In some embodiments, separate feed ports are incorporated in the dual band elements to allow attachment to separate radio transceivers for each band of operation, or alternatively, for each mode of operation. FIG. 4 illustrates one embodiment of a Vivaldi antenna element 410 incorporating separate feed lines and attachments for high band feedline 420 and low band feedline 430. In this particular embodiment, the main slot, or notch 450 of the Vivaldi Notch element is formed by etching, or removing, a metallization layer disposed on one surface of a dielectric substrate (such as fiberglass, commonly referred to as F4, or an alternative such as Teflon-coated glass dielectric), and extends straight down, while a secondary slot 460 is etched in the metallization layer and branches off of the main slot 450 to provide for a second port. On the other side of the dielectric, metallic traces, or striplines 420 and 430 provide for the high band and low band feedlines, respectively. Note that the low band feedline 430 includes a microstripline stub 440 to suppress extraneous signal coupling to the low band port 430 during high band operation. Further embodiments may incorporate different or additional known art topological structures to provide additional filtering or impedance-matching capabilities. In some examples, the slot 460 for the low band port, shown to include a right-angle bend, may be configured to have a curve, and may depart from the main slot 450 at an angle. Note also the stub tuning element in element 902 of FIG. 9, which depicts a stub tuning element turning upwards at 90 degrees. The overall length of the stub tuning element dominates the frequency characteristics, rather than the orientation. Thus, the orientation may be altered to provide space for additional ports, such as a third slot or notch if desired. Generally, the operating frequency associated with a given port may be determined according to the electrical length of the slot. Thus, some embodiments are configured such that each low band feedline is coupled to a respective microstrip stub that suppresses signal energy in the higher frequency band from coupling to the low band feedline port.

FIG. 5 is a graph of the S-parameters showing the return loss and isolation of the two port Vivaldi element.

Some embodiments of the array of tapered slot antenna elements are configured such that each antenna element has a horizontal polarization portion and a vertical polarization portion. Each portion of each antenna element has a first tapered slot formed by a gap in a metallization layer positioned on a first side of a dielectric substrate, and an associated first feedline port formed from a first metallization stripline positioned on a second side of the dielectric substrate, the first metallization stripline crossing over the first gap in the metallization layer to couple electromagnetic radiation from the antenna element to free space within a first frequency band.

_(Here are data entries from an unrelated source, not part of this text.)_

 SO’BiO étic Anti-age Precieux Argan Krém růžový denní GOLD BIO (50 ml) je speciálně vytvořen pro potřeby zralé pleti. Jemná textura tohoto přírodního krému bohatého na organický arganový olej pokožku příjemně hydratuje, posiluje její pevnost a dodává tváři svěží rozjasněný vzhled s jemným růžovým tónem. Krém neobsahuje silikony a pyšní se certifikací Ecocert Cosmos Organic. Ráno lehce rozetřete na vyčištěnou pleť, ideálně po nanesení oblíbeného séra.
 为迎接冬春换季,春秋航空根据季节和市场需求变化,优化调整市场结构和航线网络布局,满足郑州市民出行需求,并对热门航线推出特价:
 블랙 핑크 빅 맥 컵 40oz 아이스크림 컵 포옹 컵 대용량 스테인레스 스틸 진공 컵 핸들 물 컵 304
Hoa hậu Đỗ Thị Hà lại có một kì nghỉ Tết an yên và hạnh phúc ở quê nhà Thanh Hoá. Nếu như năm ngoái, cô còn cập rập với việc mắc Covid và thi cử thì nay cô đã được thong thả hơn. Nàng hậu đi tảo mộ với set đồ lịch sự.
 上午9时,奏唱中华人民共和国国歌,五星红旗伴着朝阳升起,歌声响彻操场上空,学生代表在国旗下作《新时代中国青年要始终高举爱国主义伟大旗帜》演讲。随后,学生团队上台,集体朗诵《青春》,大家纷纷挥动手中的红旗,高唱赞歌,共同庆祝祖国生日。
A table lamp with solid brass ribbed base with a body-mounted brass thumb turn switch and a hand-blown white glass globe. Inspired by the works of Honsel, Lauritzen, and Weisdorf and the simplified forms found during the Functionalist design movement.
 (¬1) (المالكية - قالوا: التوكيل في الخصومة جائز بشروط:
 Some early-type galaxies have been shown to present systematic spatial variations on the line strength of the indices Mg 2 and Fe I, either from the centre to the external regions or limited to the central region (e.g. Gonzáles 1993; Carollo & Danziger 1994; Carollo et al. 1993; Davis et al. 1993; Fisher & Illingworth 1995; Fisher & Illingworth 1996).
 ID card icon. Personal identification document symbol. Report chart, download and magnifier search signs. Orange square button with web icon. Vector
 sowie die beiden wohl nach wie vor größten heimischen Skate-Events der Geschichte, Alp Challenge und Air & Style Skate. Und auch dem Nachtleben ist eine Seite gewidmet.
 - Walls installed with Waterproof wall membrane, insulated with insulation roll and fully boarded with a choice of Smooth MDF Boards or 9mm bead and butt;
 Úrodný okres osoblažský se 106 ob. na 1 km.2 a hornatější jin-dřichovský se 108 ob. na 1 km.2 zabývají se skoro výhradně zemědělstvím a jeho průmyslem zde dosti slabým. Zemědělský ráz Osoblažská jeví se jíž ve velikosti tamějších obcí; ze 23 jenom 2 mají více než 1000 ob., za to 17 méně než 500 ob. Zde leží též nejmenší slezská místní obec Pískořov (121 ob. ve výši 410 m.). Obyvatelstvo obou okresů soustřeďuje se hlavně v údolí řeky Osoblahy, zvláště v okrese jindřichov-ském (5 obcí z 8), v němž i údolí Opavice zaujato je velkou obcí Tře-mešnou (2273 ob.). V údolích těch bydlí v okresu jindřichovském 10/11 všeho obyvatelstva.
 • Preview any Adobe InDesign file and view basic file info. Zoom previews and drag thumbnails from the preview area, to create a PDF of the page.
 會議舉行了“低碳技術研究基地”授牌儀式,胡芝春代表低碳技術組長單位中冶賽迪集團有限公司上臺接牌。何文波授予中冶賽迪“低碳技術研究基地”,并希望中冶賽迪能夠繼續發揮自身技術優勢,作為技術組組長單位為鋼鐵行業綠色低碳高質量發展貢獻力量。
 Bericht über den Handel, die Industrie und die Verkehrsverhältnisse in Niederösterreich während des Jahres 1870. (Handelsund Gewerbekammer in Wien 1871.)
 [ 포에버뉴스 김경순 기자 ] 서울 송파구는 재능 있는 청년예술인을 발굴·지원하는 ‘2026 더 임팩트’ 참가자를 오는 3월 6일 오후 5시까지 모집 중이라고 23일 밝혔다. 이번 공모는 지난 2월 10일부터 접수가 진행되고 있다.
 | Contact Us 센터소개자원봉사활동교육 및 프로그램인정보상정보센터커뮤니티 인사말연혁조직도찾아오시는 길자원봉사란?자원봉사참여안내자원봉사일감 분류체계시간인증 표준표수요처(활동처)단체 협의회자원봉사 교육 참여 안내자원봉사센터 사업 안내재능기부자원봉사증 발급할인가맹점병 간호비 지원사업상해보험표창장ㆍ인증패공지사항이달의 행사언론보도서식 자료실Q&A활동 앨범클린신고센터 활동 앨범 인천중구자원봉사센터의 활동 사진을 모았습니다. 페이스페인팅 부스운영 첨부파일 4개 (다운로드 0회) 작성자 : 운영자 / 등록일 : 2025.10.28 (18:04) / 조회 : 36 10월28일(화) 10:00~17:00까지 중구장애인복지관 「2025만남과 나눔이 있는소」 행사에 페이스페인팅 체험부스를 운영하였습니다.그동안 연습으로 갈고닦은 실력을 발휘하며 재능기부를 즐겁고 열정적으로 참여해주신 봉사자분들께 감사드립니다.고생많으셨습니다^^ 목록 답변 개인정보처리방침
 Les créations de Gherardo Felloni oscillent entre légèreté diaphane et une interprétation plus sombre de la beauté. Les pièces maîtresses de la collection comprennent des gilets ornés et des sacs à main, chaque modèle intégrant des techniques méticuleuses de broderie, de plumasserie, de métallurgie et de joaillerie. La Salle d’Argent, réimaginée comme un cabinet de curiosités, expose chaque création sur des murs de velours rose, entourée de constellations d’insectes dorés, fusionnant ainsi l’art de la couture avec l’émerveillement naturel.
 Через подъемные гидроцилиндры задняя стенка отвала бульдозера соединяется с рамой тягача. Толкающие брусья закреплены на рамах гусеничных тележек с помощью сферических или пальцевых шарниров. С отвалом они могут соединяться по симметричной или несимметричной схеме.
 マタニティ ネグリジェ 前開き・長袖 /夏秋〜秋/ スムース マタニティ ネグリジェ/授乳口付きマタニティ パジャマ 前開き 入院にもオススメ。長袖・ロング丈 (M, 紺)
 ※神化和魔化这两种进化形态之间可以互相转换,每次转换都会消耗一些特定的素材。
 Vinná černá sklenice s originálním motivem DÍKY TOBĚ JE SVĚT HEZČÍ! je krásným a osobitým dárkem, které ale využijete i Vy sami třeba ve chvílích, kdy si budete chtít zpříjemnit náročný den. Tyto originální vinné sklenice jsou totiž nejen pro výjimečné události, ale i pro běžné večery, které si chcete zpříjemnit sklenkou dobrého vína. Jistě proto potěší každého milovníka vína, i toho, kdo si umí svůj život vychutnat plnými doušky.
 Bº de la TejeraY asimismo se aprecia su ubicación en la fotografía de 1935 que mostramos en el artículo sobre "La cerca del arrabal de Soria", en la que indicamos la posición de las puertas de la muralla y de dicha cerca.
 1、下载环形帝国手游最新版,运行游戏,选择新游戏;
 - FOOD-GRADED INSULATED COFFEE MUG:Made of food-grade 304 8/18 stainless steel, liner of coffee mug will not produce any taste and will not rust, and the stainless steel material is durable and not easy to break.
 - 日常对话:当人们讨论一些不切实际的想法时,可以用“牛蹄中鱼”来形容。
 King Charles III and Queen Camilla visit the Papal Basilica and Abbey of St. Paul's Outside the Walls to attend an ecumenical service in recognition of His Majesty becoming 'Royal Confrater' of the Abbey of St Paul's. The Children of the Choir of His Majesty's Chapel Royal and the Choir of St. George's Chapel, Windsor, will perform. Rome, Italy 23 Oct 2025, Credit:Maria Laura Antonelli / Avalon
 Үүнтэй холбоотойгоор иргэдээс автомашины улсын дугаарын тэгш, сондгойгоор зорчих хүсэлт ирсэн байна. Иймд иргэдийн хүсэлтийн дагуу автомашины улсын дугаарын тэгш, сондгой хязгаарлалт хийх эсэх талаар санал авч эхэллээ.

At least a subset of the antenna elements, and in some cases all of the antenna elements, have a second slot joined to the first slot that is formed by a second gap in the metallization layer positioned on the first side of the dielectric substrate, and an associated second feedline port formed from a second metallization stripline positioned on the second side of the dielectric substrate, the second metallization stripline crossing over the second gap in the metallization layer to couple electromagnetic radiation from the antenna element to free space within a second frequency band, the second frequency band being lower than the first frequency band.

The array may be configured with individual transceivers to operate each antenna element. In some embodiments, the first feedline of each element of the array of tapered slot antenna elements is connected to a respective radio frequency transceiver operating within the 3400 to 4000 MHz frequency band, and each second feedline of each antenna element of the subset of antenna elements is connected to a respective radio frequency transceiver operating within the 1960 to 2170 frequency band.

Furthermore, each radio frequency transceiver operating within the 1960 to 2170 MHz frequency band may be connected to the corresponding antenna element using a diplexer to allow simultaneous signal transmission within a first sub-band of 1960 to 2170 MHz frequency band, and signal reception within a second sub-band of the 1960 to 2170 MHz frequency band.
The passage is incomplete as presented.